# ACTION ITEM
Leave out the pictures and copy each record below exactly.

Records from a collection
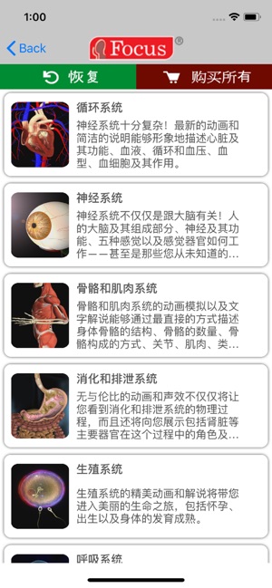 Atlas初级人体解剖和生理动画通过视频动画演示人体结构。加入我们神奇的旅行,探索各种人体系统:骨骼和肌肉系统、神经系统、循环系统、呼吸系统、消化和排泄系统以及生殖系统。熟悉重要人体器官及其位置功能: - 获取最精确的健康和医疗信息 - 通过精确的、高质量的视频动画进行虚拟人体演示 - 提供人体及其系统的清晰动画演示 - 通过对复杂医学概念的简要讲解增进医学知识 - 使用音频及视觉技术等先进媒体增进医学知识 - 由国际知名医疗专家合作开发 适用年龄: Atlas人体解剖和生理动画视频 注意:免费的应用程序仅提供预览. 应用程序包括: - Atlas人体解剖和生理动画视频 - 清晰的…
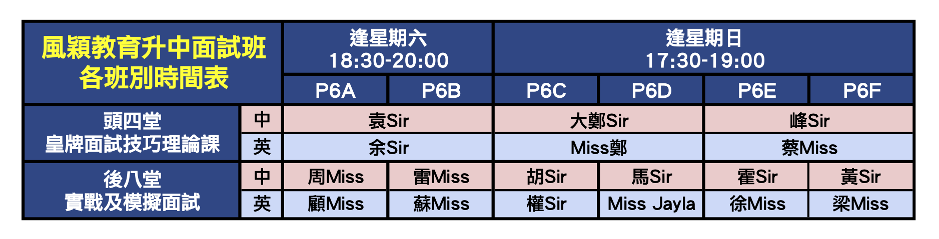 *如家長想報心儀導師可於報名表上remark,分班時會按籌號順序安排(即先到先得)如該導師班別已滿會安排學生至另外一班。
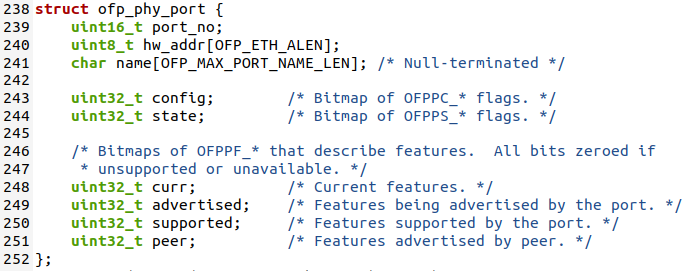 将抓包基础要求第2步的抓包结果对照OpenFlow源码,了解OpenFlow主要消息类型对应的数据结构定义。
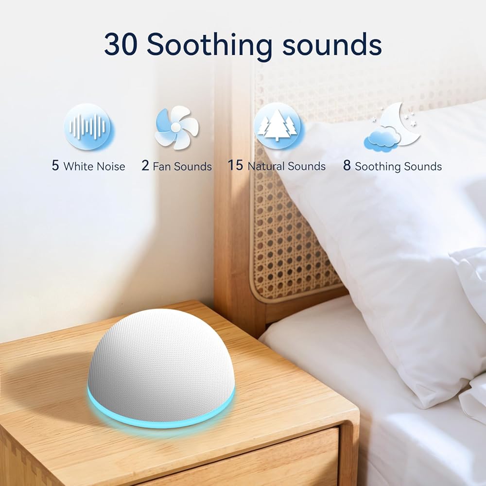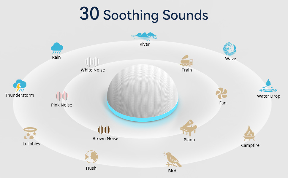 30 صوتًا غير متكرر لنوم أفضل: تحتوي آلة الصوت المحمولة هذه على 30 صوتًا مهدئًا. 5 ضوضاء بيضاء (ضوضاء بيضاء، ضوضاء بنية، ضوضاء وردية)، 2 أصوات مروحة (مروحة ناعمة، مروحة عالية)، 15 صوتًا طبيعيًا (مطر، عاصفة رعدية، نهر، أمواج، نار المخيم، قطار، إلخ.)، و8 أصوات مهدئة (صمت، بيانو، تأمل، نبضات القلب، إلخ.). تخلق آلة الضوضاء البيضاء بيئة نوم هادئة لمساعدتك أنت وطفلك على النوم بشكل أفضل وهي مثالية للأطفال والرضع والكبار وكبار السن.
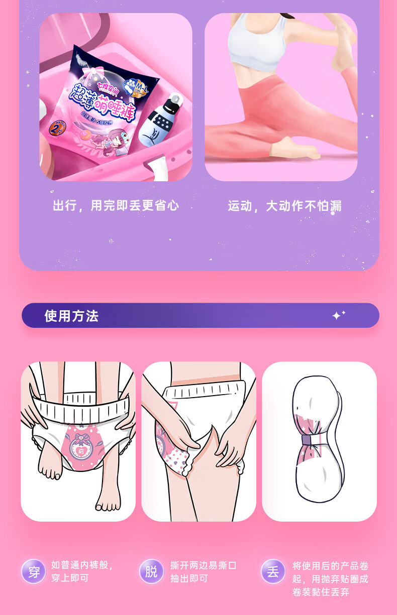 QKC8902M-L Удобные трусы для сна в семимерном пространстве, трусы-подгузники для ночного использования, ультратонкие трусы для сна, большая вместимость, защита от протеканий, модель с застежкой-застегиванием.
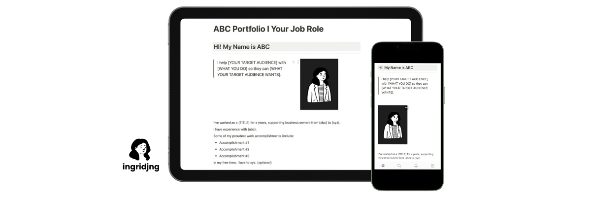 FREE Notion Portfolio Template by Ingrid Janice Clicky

# REPLY TO THE EXERCISE
 Atlas初级人体解剖和生理动画通过视频动画演示人体结构。加入我们神奇的旅行,探索各种人体系统:骨骼和肌肉系统、神经系统、循环系统、呼吸系统、消化和排泄系统以及生殖系统。熟悉重要人体器官及其位置功能: - 获取最精确的健康和医疗信息 - 通过精确的、高质量的视频动画进行虚拟人体演示 - 提供人体及其系统的清晰动画演示 - 通过对复杂医学概念的简要讲解增进医学知识 - 使用音频及视觉技术等先进媒体增进医学知识 - 由国际知名医疗专家合作开发 适用年龄: Atlas人体解剖和生理动画视频 注意:免费的应用程序仅提供预览. 应用程序包括: - Atlas人体解剖和生理动画视频 - 清晰的…
 *如家長想報心儀導師可於報名表上remark,分班時會按籌號順序安排(即先到先得)如該導師班別已滿會安排學生至另外一班。
 将抓包基础要求第2步的抓包结果对照OpenFlow源码,了解OpenFlow主要消息类型对应的数据结构定义。
 30 صوتًا غير متكرر لنوم أفضل: تحتوي آلة الصوت المحمولة هذه على 30 صوتًا مهدئًا. 5 ضوضاء بيضاء (ضوضاء بيضاء، ضوضاء بنية، ضوضاء وردية)، 2 أصوات مروحة (مروحة ناعمة، مروحة عالية)، 15 صوتًا طبيعيًا (مطر، عاصفة رعدية، نهر، أمواج، نار المخيم، قطار، إلخ.)، و8 أصوات مهدئة (صمت، بيانو، تأمل، نبضات القلب، إلخ.). تخلق آلة الضوضاء البيضاء بيئة نوم هادئة لمساعدتك أنت وطفلك على النوم بشكل أفضل وهي مثالية للأطفال والرضع والكبار وكبار السن.
 QKC8902M-L Удобные трусы для сна в семимерном пространстве, трусы-подгузники для ночного использования, ультратонкие трусы для сна, большая вместимость, защита от протеканий, модель с застежкой-застегиванием.
 FREE Notion Portfolio Template by Ingrid Janice Clicky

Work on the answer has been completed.